IBM / data-prep-kit

Open source project for data preparation of LLM application builders
https://ibm.github.io/data-prep-kit/
Apache License 2.0
163 stars 110 forks source link

Github doc pages hyperlinks and formatting issues #43

Closed nirmdesai closed 2 months ago

nirmdesai commented 5 months ago

The hyperlinks on this doc page ends up downloading the .py files instead of navigating the browser to the specific code file in the repo: https://ibm.github.io/data-prep-lab/data-processing-lib/doc/overview/

Same issue exists for this page and probably other such pages: https://ibm.github.io/data-prep-lab/data-processing-lib/doc/transform-tutorials/

Numbered list on this page is not correctly formatted, and the powerpoint diagram looks weird with grammar mistake highlights: https://ibm.github.io/data-prep-lab/data-processing-lib/doc/architecture/

shahrokhDaijavad commented 5 months ago

@nirmdesai Pages created via MkDocs need manual fixing of links with relative paths. We are aware of this and I have asked Shivdeep to do this.

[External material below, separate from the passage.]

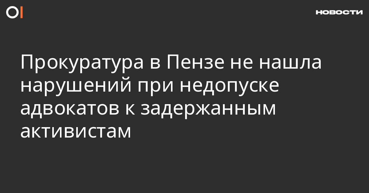 Прокуратура Железнодорожного района Пензы не нашла нарушений в действиях сотрудников полиции, которые не пустили адвокатов к задержанным участникам группы поддержки фигурантов дела «Сети». Об этом сообщает издание «7×7», со ссылкой на адвоката Станислава Фоменко.

daw3rd commented 5 months ago

And to be clear, these links work when viewing from github.com, just seems mkdocs is doing something wrong. For example, the .py links work as expected from https://github.com/IBM/data-prep-lab/blob/dev/data-processing-lib/doc/transform-tutorials.md

shahrokhDaijavad commented 4 months ago

@shivdeep-singh-ibm Have you looked at this and found no solution yet? If there is no solution for referring to python pages in transforming repo with MkDoc to Pages, we should link to Readme pages in the respective directories. As for the formatting issue (the third link above), I think there should be a way to fix this, no?

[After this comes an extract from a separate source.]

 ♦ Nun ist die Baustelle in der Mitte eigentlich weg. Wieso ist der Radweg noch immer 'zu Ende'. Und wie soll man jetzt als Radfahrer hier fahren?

shivdeep-singh-ibm commented 4 months ago

I have found 1 way. I am preparing a patch for it. That method is working for python cases, trying to handle some corner cases as well.

The approach is to use hooks.py as a hook to mkdocs , which will automatically update the links (relative links to python files or relative links to repo folders), with. absolute github links to repo on the fly while generatig the documentation.

eg. [transform](./transform/src/main.py) will become [transform](https://github.com/IBM/data-prep-lab/blob/dev/transform/src/main.py) this way it will open github on clicking the link.

I need to support only

shahrokhDaijavad commented 4 months ago

Sounds good, @shivdeep-singh-ibm! Thank you.

shahrokhDaijavad commented 4 months ago

I see that the link to the python files has been fixed, but the formatting issue in the page https://ibm.github.io/data-prep-kit/data-processing-lib/doc/architecture/ is still there.

shahrokhDaijavad commented 4 months ago

@shivdeep-singh-ibm Thanks for making the file a lot better by adding new lines. Sorry for nitpicking, but there is still a problem with the indention of bullets and sub-bullets, as I compare the repo Readme with the corresponding Pages version of the architecture.md file. As I look at the markdown file, I see a different color of for bullets and sub-bullets. Repo treats this correctly, but Pages doesn't. I think the sub-bullets that are red color should become black for the pages to work properly.

Bytes-Explorer commented 4 months ago

@shivdeep-singh-ibm @shahrokhDaijavad Is this done? Can it be closed?

shahrokhDaijavad commented 4 months ago

@Bytes-Explorer and @shivdeep-singh-ibm . This is mostly done. The problem is still with the indentation of sub-bullets in this page: https://ibm.github.io/data-prep-kit/data-processing-lib/doc/architecture/) (compare with this page: https://github.com/IBM/data-prep-kit/blob/dev/data-processing-lib/doc/architecture.md in which sub-bullets in the Ray Orchestrator section and Data Access under core components are not indented correctly. I don't know if there is a solution for this (maybe adding a return after the corresponding lines in the md file?) It is not a big issue, if there is no solution and we can close it.